Task to complete: Below are records; the lines starting at the one with "Trockenaufstellung, für fäkalienhaltiges" and ending at the one with "محصول كاوكا كولومبي" must be reproduced exactly, both included. Pictures must not appear.
......
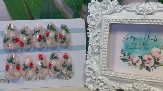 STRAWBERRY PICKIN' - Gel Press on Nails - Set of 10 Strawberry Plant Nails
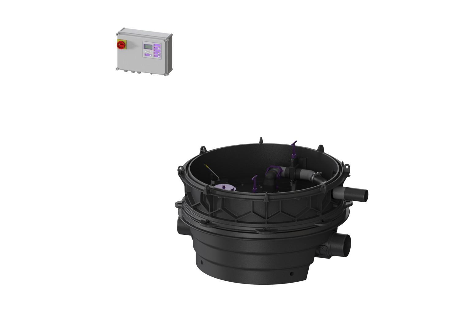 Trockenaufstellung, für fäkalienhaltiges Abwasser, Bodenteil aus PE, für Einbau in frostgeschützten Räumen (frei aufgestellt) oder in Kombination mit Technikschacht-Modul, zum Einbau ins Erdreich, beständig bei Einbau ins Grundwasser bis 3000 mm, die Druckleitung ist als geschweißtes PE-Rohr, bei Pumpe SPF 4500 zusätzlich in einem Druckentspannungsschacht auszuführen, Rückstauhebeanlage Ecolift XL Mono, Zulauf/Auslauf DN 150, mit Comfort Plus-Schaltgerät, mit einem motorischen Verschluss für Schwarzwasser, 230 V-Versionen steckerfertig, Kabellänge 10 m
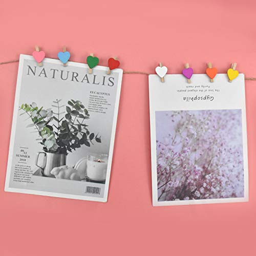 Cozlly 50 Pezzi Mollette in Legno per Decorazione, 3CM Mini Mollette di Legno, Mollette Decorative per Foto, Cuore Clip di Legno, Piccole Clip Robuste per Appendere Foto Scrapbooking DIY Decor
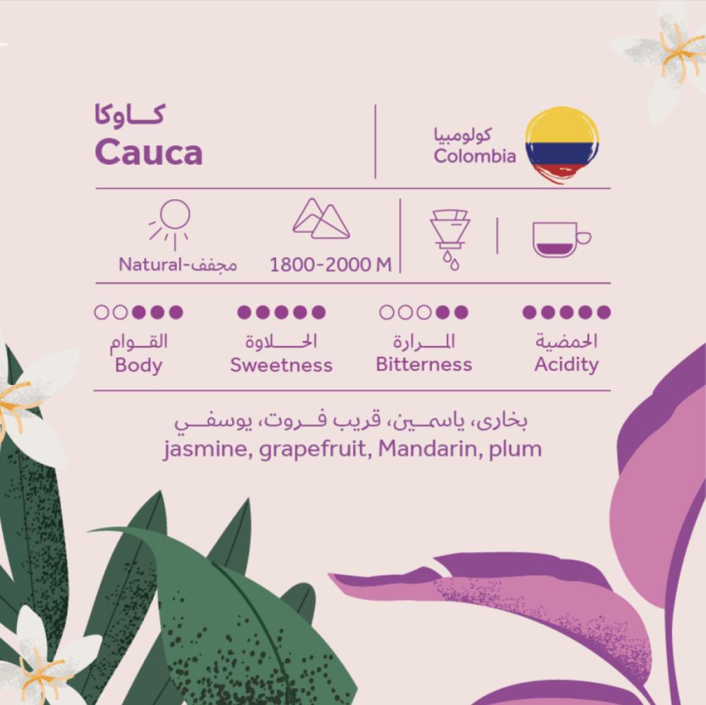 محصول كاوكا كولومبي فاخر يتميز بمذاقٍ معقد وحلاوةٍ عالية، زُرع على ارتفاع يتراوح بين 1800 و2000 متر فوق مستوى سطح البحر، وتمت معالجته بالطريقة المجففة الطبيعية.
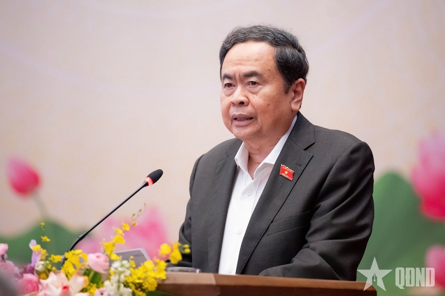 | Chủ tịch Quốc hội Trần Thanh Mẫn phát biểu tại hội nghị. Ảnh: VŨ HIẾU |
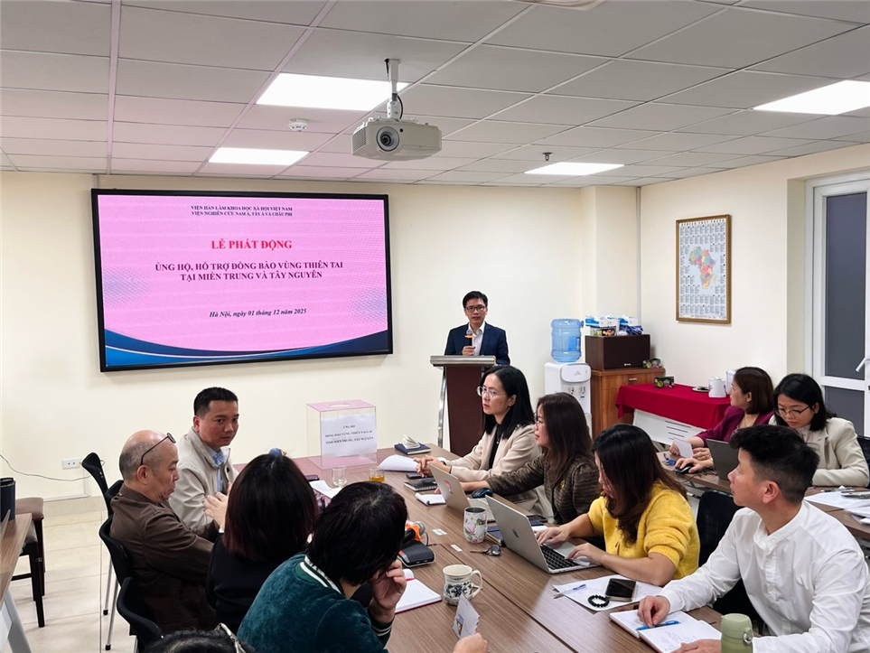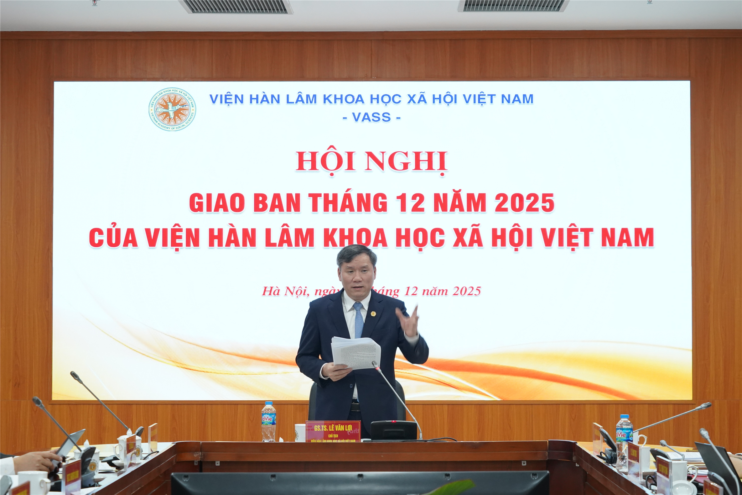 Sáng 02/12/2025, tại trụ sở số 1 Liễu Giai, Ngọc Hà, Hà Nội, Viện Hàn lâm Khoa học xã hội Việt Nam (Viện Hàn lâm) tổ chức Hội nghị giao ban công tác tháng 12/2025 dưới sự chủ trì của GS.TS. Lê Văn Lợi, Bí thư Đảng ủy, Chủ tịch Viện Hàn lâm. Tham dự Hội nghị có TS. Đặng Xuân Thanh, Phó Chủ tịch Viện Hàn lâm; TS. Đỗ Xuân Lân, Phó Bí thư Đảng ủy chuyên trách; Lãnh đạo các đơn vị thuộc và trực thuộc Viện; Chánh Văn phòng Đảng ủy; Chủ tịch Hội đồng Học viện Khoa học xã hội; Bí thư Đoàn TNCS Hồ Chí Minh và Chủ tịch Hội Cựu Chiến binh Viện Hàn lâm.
......
Response below:
 Trockenaufstellung, für fäkalienhaltiges Abwasser, Bodenteil aus PE, für Einbau in frostgeschützten Räumen (frei aufgestellt) oder in Kombination mit Technikschacht-Modul, zum Einbau ins Erdreich, beständig bei Einbau ins Grundwasser bis 3000 mm, die Druckleitung ist als geschweißtes PE-Rohr, bei Pumpe SPF 4500 zusätzlich in einem Druckentspannungsschacht auszuführen, Rückstauhebeanlage Ecolift XL Mono, Zulauf/Auslauf DN 150, mit Comfort Plus-Schaltgerät, mit einem motorischen Verschluss für Schwarzwasser, 230 V-Versionen steckerfertig, Kabellänge 10 m
 Cozlly 50 Pezzi Mollette in Legno per Decorazione, 3CM Mini Mollette di Legno, Mollette Decorative per Foto, Cuore Clip di Legno, Piccole Clip Robuste per Appendere Foto Scrapbooking DIY Decor
 محصول كاوكا كولومبي فاخر يتميز بمذاقٍ معقد وحلاوةٍ عالية، زُرع على ارتفاع يتراوح بين 1800 و2000 متر فوق مستوى سطح البحر، وتمت معالجته بالطريقة المجففة الطبيعية.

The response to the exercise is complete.